At 3:30, I made my way back up to the staff room and saw a school worker with his gaze fixed upon me. I knew this was probably the man I was looking for, and as I approached him, he took out a small piece of paper from his pocket and slowly unfolded it in front of his chest.

Funny note

With a smile and slight head bob, I communicated to him that I understood, and him and I started walking towards the lab.
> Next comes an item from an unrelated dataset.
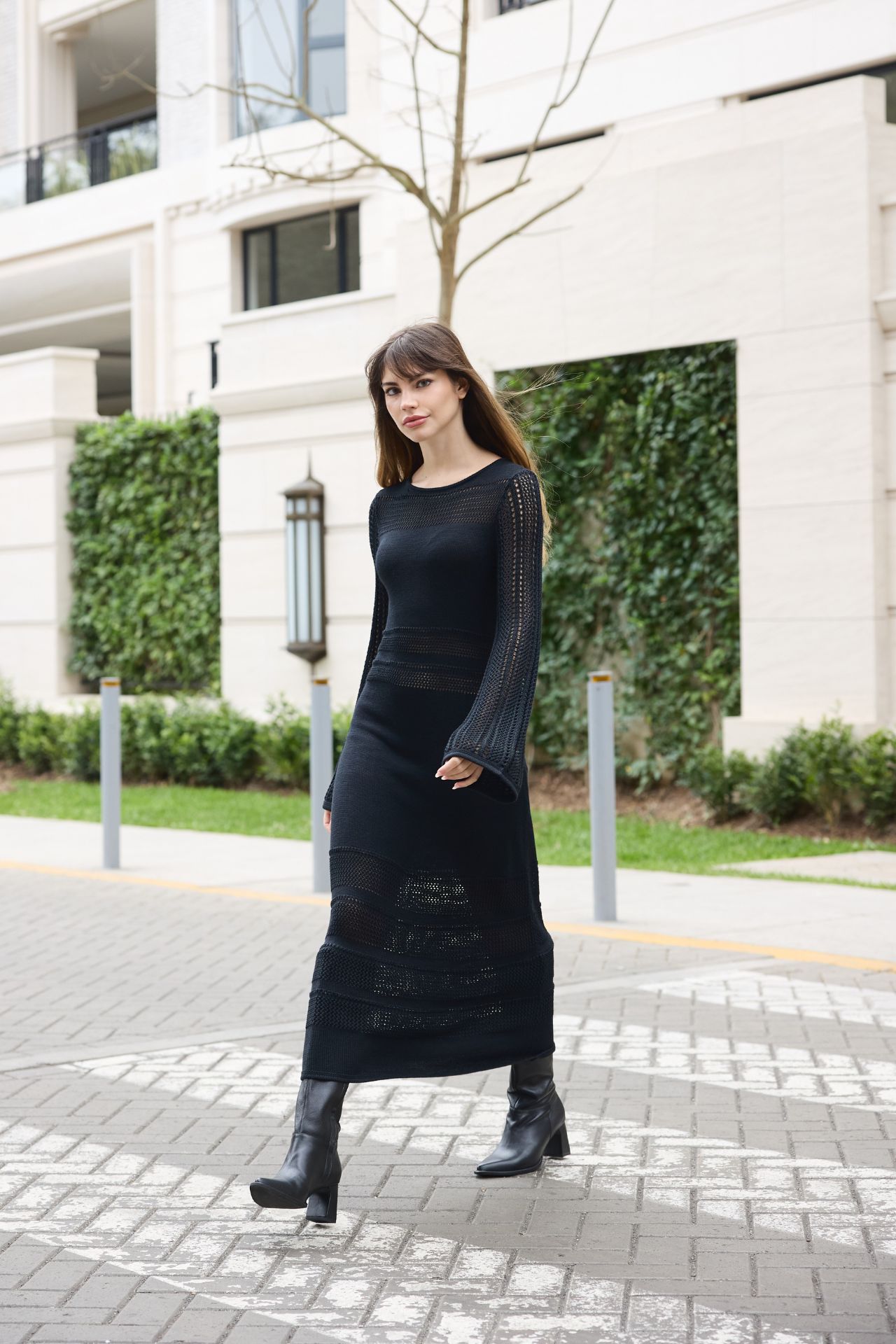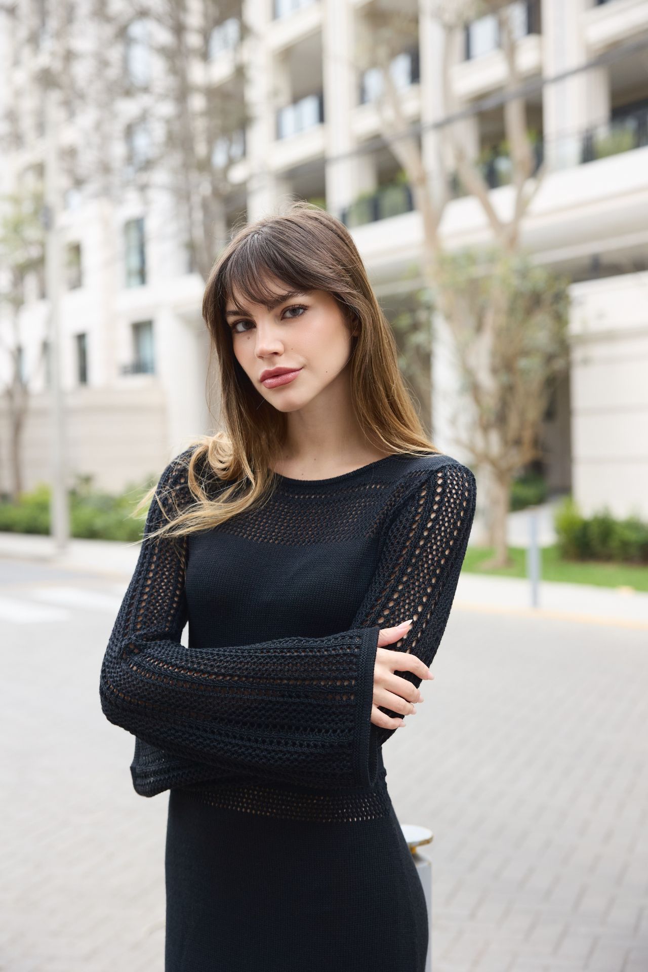 Vestido tejido negro con un fit suelto que acentúa muy bien la figura de todas. Detalles de calado en la cintura, mangas y basta. Mangas acampanadas para dar un look increíble y atemporal!
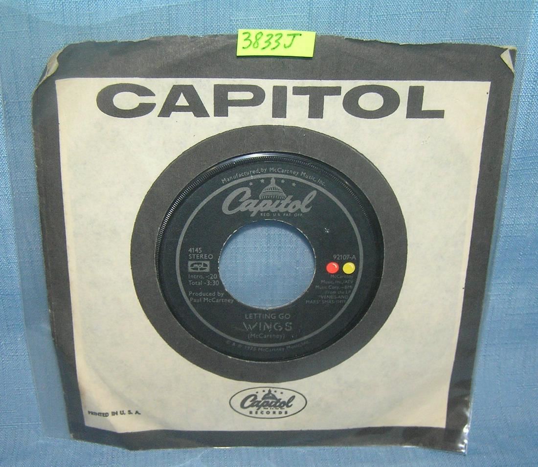 Wings with Paul McCartney vintage 45 RPM record on Capitol featuring Letting Go and You Gave Me the Answer est. value $15.00-$20.00

Class was actually scheduled to start at 3:40, so for those 10 free minutes, the physics teacher eagerly took me from station to station, describing each of the experiments, letting me try out the instruments, and explaining what the students would be asked to do. Some pictures of the lab are posted below. Don't let the shabby appearance of the room fool you. These kids would smoke most 12th graders in physics. What we cover in AP Physics A/B/C, these students have already finished by 10th standard. When the students walked into lab, they hardly needed any introduction to the experiments before they went right into taking measurements and fiddling around with resistances, focal lengths, etc.

Physics lab classroom

Wheatstone bridge

Microscope and prism Optics experiment

Throughout India, there's a sense of prestige attached to students that enter into the science track during high school. Whether or not they can enter into this track is determined by how well they do on standardized tests. Students that complete the science track have the opportunity of going on and getting bachelors of science degrees which then allows them to become engineers, doctors, and IT specialists. This is the top echelon of careers that most Indians aspire towards. Where does English fall in? The sense that I've gotten already is that most students just treat English as a hurdle that they have to just manage to jump over so they can run towards their higher goals. If they can simply memorize stories and essays to get good marks on their standardized tests, they'd rather do that than spend time actually learning the language. This is a struggle that I'm sure I'll be dealing with all year. All I've been told when I voice my complaints is that I have to accept this as the way things just are and that I should just teach English the way that its always been taught at this school. Le sigh.

4 comments:

Andrew said...

Wow first?

That's sad =( As a teacher you always want your students to be interested in what you're teaching

alexlee said...

indians are taking over the world

noonarulez said...

Funniest note ever.

Heidi said...

That's interesting what you say about their science labs, because I've seen the same lab photographed by other Fellows and Cat, and drew the same conclusions you specifically warn not to: that their science curriculum is lacking. Appearances are indeed deceiving, and additionally makes me wonder to what extent American schools use expensive equipment as a ruse or a crutch to hide or remediate poor performance.